Recommended Citation
Shumake, S. A., & Hakim, A. A. (2000). Evaluating Norway rat response to attractant and repellent odors to improve rodenticide baiting effectiveness. In Brittingham, M.C., Kays, J., & McPeake, R. (Eds.), The Ninth Wildlife Damage Management Conference (103-110). State College, PA: Pennsylvania State University.
Included in
Evaluating Norway Rat Response to Attractant and Repellent Odors to Improve Rodenticide Baiting Effectiveness
State College, PA
Control of rodent infestations using acute-rodenticide baiting is frequently fraught with difficulties involving bait-shyness and neophobic effects. To simulate some of the parameters encountered in baiting situations, pre-weighed quantities of Environmental Protection Agency (EPA) standard challenge bait mixture were used as a highly palatable bait base to induce feeding without the need for food deprivation in Wistar-strain laboratory albino rats.

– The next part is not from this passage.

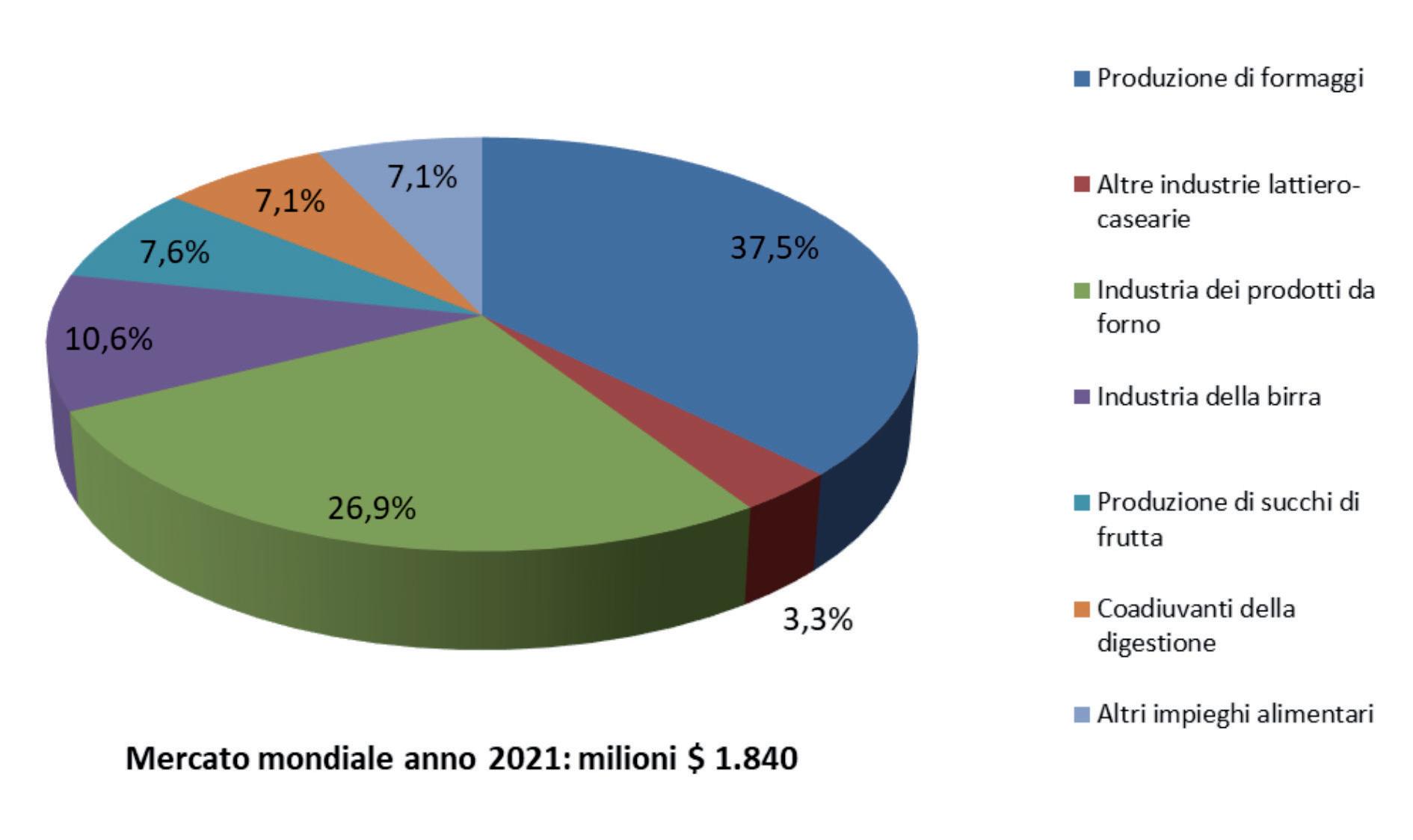 A livello mondiale il mercato degli enzimi per impieghi nell’industria ali mentare e delle bevande è previsto

Individual animals were tested for attractant effects of 3 odors (rat urine, preputial gland extract, and carbon disulfide) and a natural repellent odor (coyote urine) in an observation area constructed of clear plastic panels containing a central alley and 2 choice compartments. Three measures of rat preference -- the bait intake levels of challenge bait, arena compartment choice, and time expended in each compartment -- suggested that the carbon disulfide at IO ppm had an attractant effect. None of the other tested odors produced consistent effects on these measures. A low level of 0.20% zinc phosphide (ZP) rodenticide added to the EPA challenge bait was then used to examine effects of the carbon disulfide attractant odor when compared to deionized (DI) water odor in separate groups of Wistar albino rats. This was accomplished by presenting the foods in containers that incorporated an odor-dispensing wick (filter paper) that surrounded the ZP baits. Consumption levels of EPA challenge bait were elevated in the presence of the carbon disulfide odor when compared with DI water odor during a 3-day pre-baiting period. The effect appeared in both males and females, indicating the potential for improved baiting efficacy. Although mortality was 11% higher when carbon disulfide was present as an odor additive to the ZP bait, the mg/kg dosages of ZP ingested were not significantly higher when compared to rats in the DI water group. Thus, the rate of bait feeding may have been increased by the addition of the attractant odor and this then led to increased mortality with no measurable change in rodenticide dosage consumed. This increase in efficacy, if confirmed in field tests, could indicate improved economic and safety features afforded by addition of a carbon disulfide odor ingredient to rodenticide baits.